An example of proving summation identities with computer

I am trying to learn how to use computers to prove identities like this one

$$ \sum_{k=m}^n{k\choose k-m}{2n\choose 2k}=4^{n-m}\frac{n(2n-m-1)!}{(2n-2m)!m!}, $$

which I came across on math.stackexchange.com. If you put it Mathematica and simplify, you will simply get a True without any explanation. But how dose computer know it? In the following, I will explain one possible way that machines can prove this for us -- using creative telescoping algorithms.

I am going to use the Mathematica package Sigma by Carsten Schneider.

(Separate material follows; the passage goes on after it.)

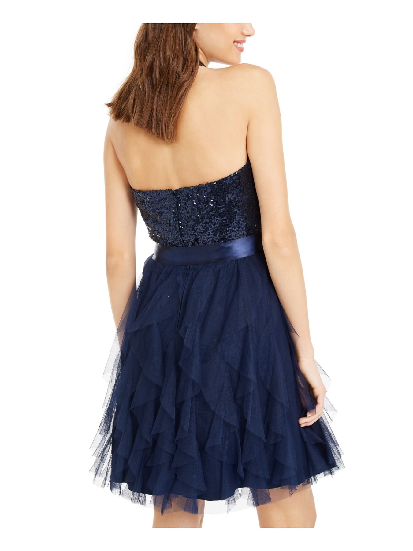 TEEZE ME Womens Fit + Flare Above The Knee Dress Navy Sequined Zippered Sleeveless Halter Party Juniors 1\2
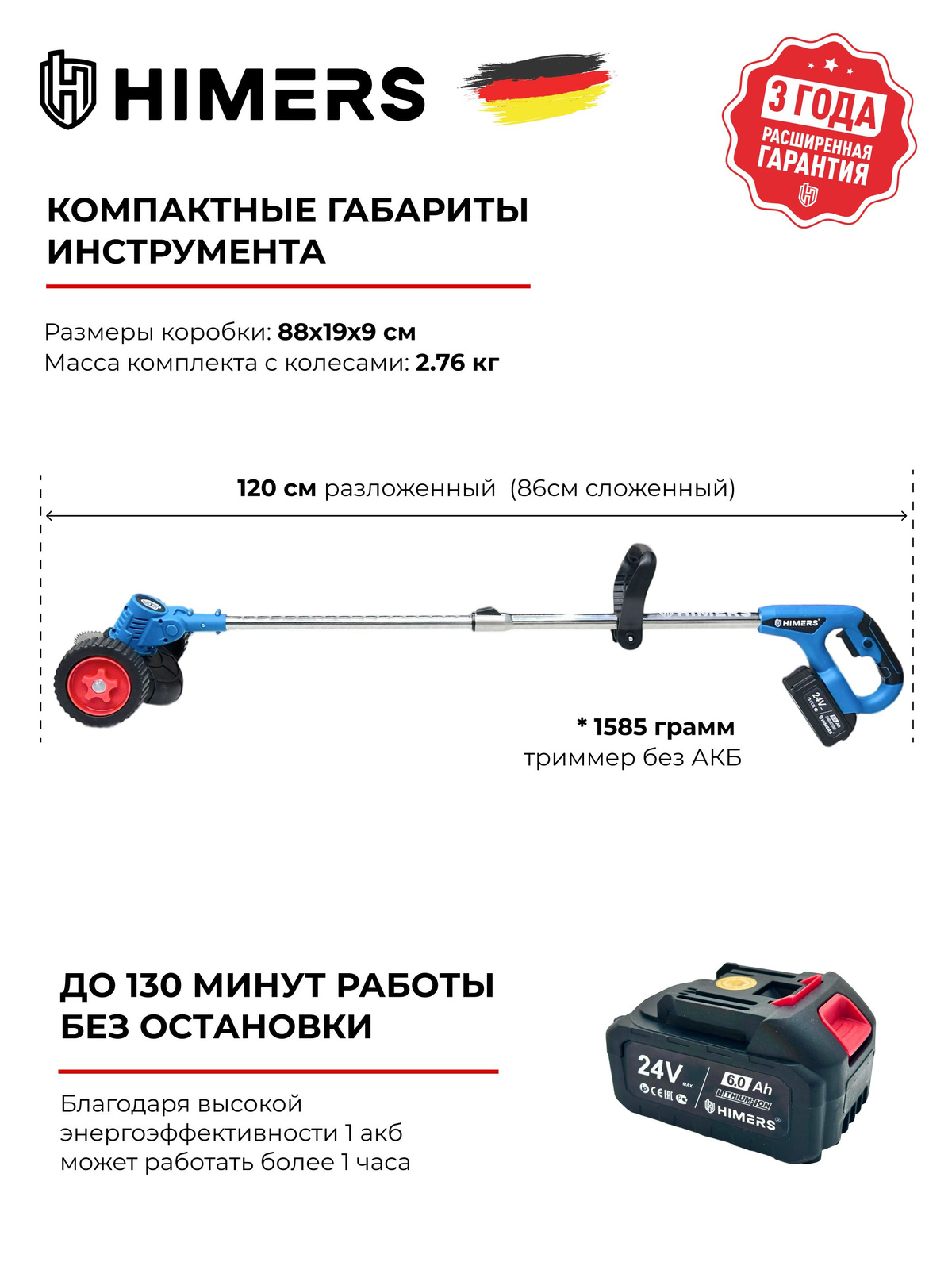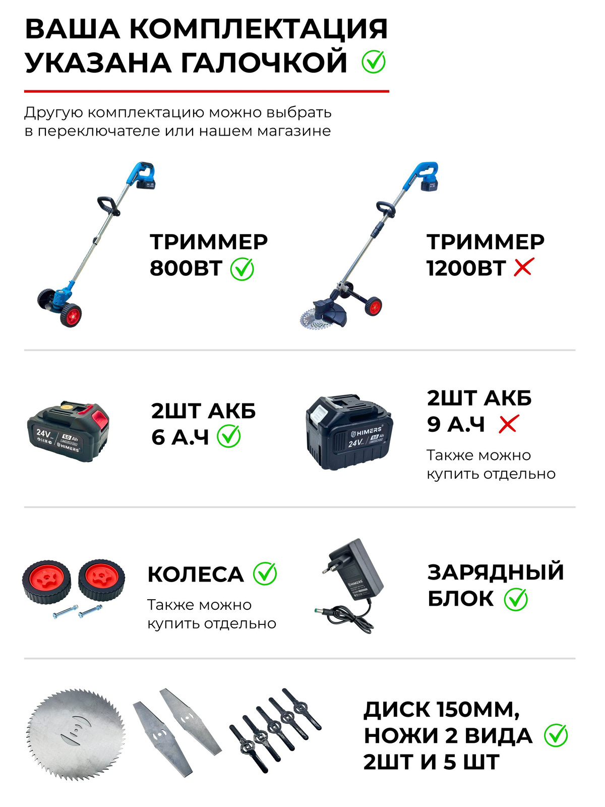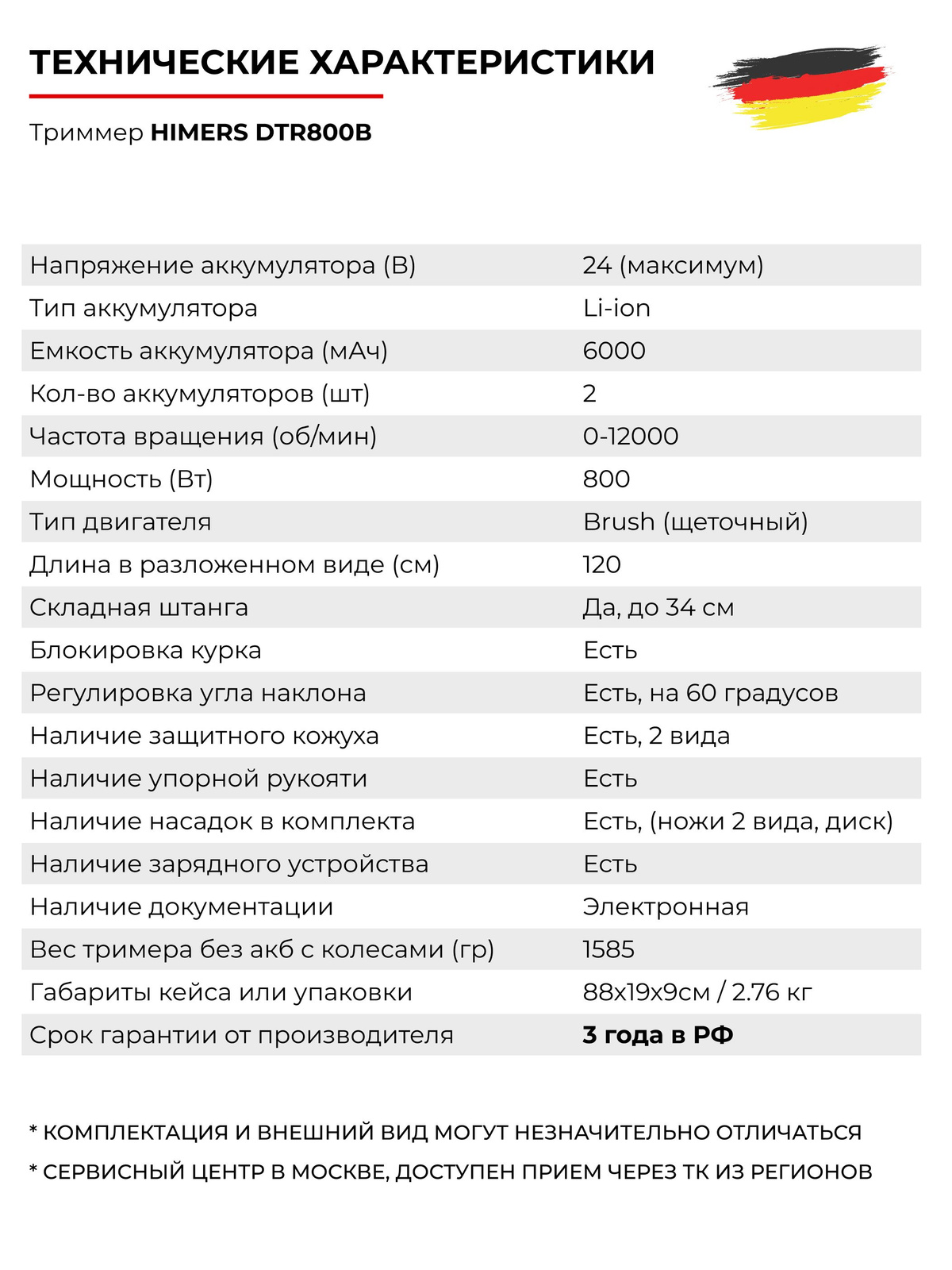 ОСНОВНАЯ КОМПЛЕКТАЦИЯ: * Тушка триммера * 2 аккумулятора * Зарядное устройство * Ссылка и QR-код на электронное руководство по использованию и гарантийное обслуживание ДОПОЛНИТЕЛЬНАЯ КОМПЛЕКТАЦИЯ: * Коробка транспортировочная * 8 насадок (3 вида) * Кожух защитный 2 вида * Упорная крукять * Колеса 2шт КОМПЛЕКТАЦИЯ МОЖЕТ НЕЗНАЧИТЕЛЬНО ОТЛИЧАТЬСЯ!

First the left-hand-side can be written as

$$ S(n_0)=\underset{k=0}{\overset{n_0}{\sum }} f(n_0,k) $$

where $n_0=n-m$ and

$$ f(n_0,k)= \left( \begin{array}{c} k+m \\ k \\ \end{array} \right) \left( \begin{array}{c} 2 \left(m+n_0\right) \\ 2 (k+m) \\ \end{array} \right) . $$

Next, let

$$ c_0(n)=2 (1 + m + n_0) (m + 2 n_0) (1 + m + 2 n_0), $$

and

$$ c_1(n)=-(1 + n_0) (m + n_0) (1 + 2 n_0) $$

and

$$ g(n_0,k)=-\frac{k (2 k+2 m-1) \left(m+n_0+1\right) \binom{k+m}{k} \left(2 k m+4 k n_0+2 k-4 m n_0-3 m-6 n_0^2-7 n_0-2\right) \binom{2 m+2 n_0}{2 k+2 m}}{\left(2 k-2 n_0-1\right) \left(k-n_0-1\right)}. $$

Then you can verify in your favorite CAS system that

$$ g\left(n_0,k+1\right)-g\left(n_0,k\right)=c_0\left(n_0\right) f\left(n_0,k\right)+c_1\left(n_0\right) f\left(n_0+1,k\right) . $$

I did not magically find this recursion myself. This is done by Sigma.

Summing over $k=1,..n_0-1$, the left-hand-side telescopes (perhaps this is where the name creative-telescoping comes from), and we get

$$ c_0(n_0) S\left(n_0\right)+c_1(n_0) S\left(n_0+1\right)=0 $$

This is a simple recursion. Put in $S(0)=f(0,0)=1$, we get

$$ S(n_0)= \frac{4^{n_0} \left(m+n_0\right) \left(m+2 n_0-1\right)!}{m! \left(2 n_0\right)!} = \frac{n 4^{n-m} (-m+2 n-1)!}{m! (2 n-2 m)!} . $$

where we substitute by $n_0=n-m$. This is exactly the right-hand-side.

All these have been completely automated. What you need to do is only to trust the computer when it says something is true. See Schneider's paper for many more examples!